In deze procedure wordt uitgegaan van de volgende feiten:
2.1
[verweerder] , geboren op [geboortedatum] , is op 19 augustus 2002 in dienst getreden van [verzoekster] . [verweerder] is laatstelijk voor 37,5 uur per week werkzaam in de functie van constructieschilder. Het brutoloon van [verweerder] bedraagt laatstelijk € 2.917,50 per vier weken, te vermeerderen met 8% vakantietoeslag.
2.2
Met ingang van 31 oktober 2019 is [verweerder] arbeidsongeschikt.
2.3
Bij brief van 31 oktober 2019 heeft [verzoekster] [verweerder] een schriftelijke waarschuwing gegeven, omdat [verweerder] zich niet conform de geldende verzuimregels heeft ziek gemeld.
2.4
Op 5 november 2019 heeft [verweerder] het spreekuur van de bedrijfsarts bezocht.
2.5
Op 26 november 2019 heeft [verweerder] laten weten vanwege zijn medische situatie die dag niet op het spreekuur van de bedrijfsarts te kunnen verschijnen. De bedrijfsarts heeft het spreekuurconsult omgezet in een telefonisch consult. [verweerder] was op 26 november 2019 telefonisch niet bereikbaar.
2.6
Op 10 januari 2020 is [verweerder] zonder tegenbericht niet op het spreekuur van de bedrijfsarts verschenen. Per sms heeft [verweerder] [naam persoon 1] voornoemd (verder [naam persoon 1] ) laten weten dat hij vanwege zijn medische situatie niet kon komen. De afspraak is vervolgens omgezet in een telefonisch consult. De bedrijfsarts en [naam persoon 1] hebben [verweerder] telefonisch niet kunnen bereiken.
2.7
Bij brief van 10 januari 2020 heeft [verzoekster] aangekondigd de loonbetaling vanaf
10 januari 2020 te zullen opschorten, tot [verweerder] contact met de bedrijfsarts heeft gehad.
2.8
Per e-mail en WhatsAppbericht is [verweerder] uitgenodigd voor het spreekuur van de bedrijfsarts op 14 januari 2020 om 16.00 uur. [verweerder] heeft aan deze oproep geen gehoor gegeven.
2.9
Op 17 januari 2020 is [verweerder] op het spreekuur van de bedrijfsarts verschenen. [verzoekster] heeft de loonbetaling dezelfde dag hervat.
2.1
Bij brief van 17 januari 2020 verzoekt [verzoekster] [verweerder] om voor 24 januari 2020 aan [naam persoon 1] een terugkoppeling te geven van het door de bedrijfsarts geadviseerde bezoek aan zijn huisarts vanwege het bespreken en activeren van de door [verweerder] gestaakte behandeling.
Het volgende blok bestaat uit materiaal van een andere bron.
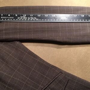 Brown/Blue combination GLEN PLAID/WINDOWPANE pattern; 63% Polyester, 33% Rayon, 4% Spandex, has some STRETCH; fully lined,100% acetate; 3-button closure; long sleeves with 3-button accent/trim at cuffs; 3 mock pockets w/flaps; rear vent; tapered/fitted with princess seaming.
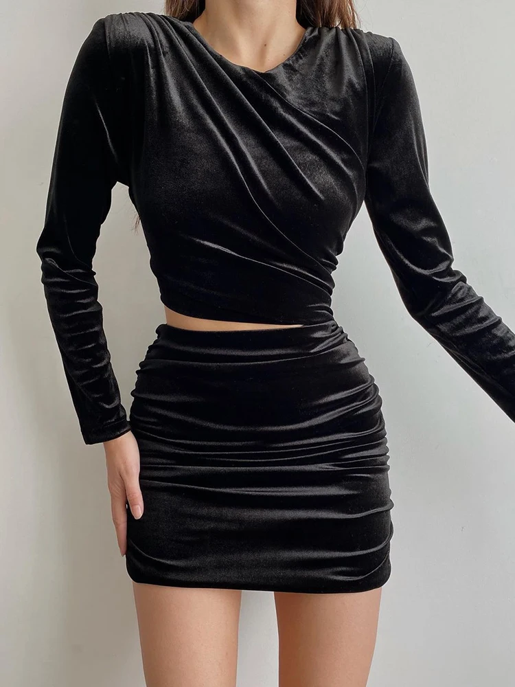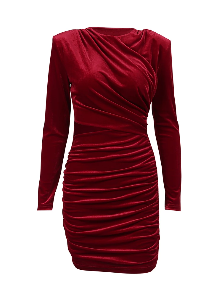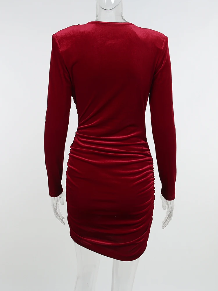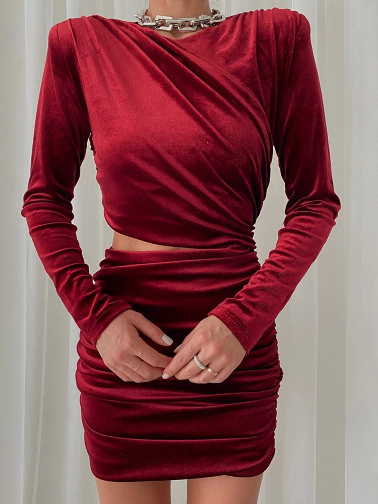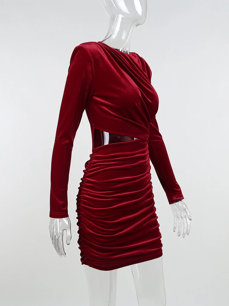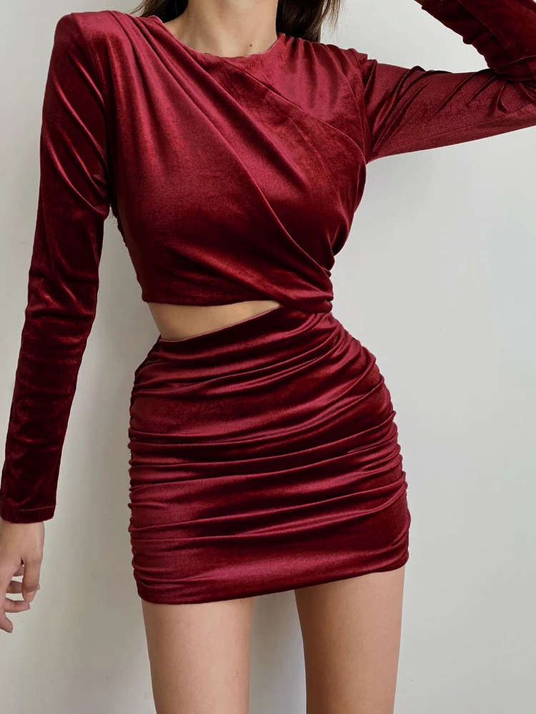victoria’s vogue set Bodycon Mini Dress Ruched Sexy Hollow Out Shrug Waist Women Long Sleeve O Neck Red Dresses For Woman Fall 2021
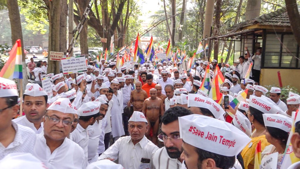 पुणे : ‘अहिंसा परमो धर्म की जय’, ‘धर्माचा व्यापार बंद करा’, ‘धर्म विकायची किंवा खरेदी करण्याची वस्तू नाही’, ‘शेठ हिराचंद नेमचंद जैन दिगंबर बोर्डिंगची जागा वाचवा’, ‘जैन मंदिर वाचवा’, ‘जब तक सूरज-चांद रहेगा, एचएनडी तेरा नाम रहेगा’ अशा घोषणांनी आज पुण्याचे वातावरण दुमदुमून गेले.

Tevens verzoekt [verzoekster] [verweerder] om uiterlijk 22 januari 2020 twee bijgevoegde machtigingsformulieren te ondertekenen en te retourneren, ter verkrijging van medische informatie door de bedrijfsarts. Aan dit verzoek heeft [verweerder] geen gehoor gegeven.
2.11
Bij brief van 24 januari 2020 verzoekt [verzoekster] [verweerder] op 28 januari 2020 contact op te nemen met [naam persoon 1] en de twee ondertekende machtigingsformulieren te retourneren. Tevens kondigt [verzoekster] aan de loonbetaling met ingang van 29 januari 2020 te stoppen, indien [verweerder] niet meewerkt aan deze verzoeken. Verder wijst [verzoekster] erop dat als [verweerder] niet meewerkt aan zijn re-integratieverplichtingen, kan worden overgegaan tot ontslag.
2.12
Op 28 januari 2020 heeft [verweerder] contact opgenomen met [naam persoon 1] en laten weten dat hij op 30 januari 2020 zijn huisarts zal bezoeken en de machtigingsformulieren zal meenemen naar het spreekuur van de bedrijfsarts op
31 januari 2020.
2.13
[verweerder] heeft zich voor het spreekuur bij de bedrijfsarts op 31 januari 2020 afgemeld vanwege een sterfgeval in de familie.
2.14
Bij aangetekende brief van 31 januari 2020 schrijft [verzoekster] aan [verweerder] , voor zover van belang, het volgende:
“(…)
U bent echter niet verschenen op het spreekuur waarvoor u voor 9.00 uur was ingepland. Om 9.05 uur heeft u mw. [naam persoon 1] gebeld met de mededeling dat u niet naar het spreekuur van de bedrijfsarts komt vanwege een sterfgeval in de familie.
Wederom moeten we constateren dat u zeer laconiek met afspraken met uw werkgever omgaat.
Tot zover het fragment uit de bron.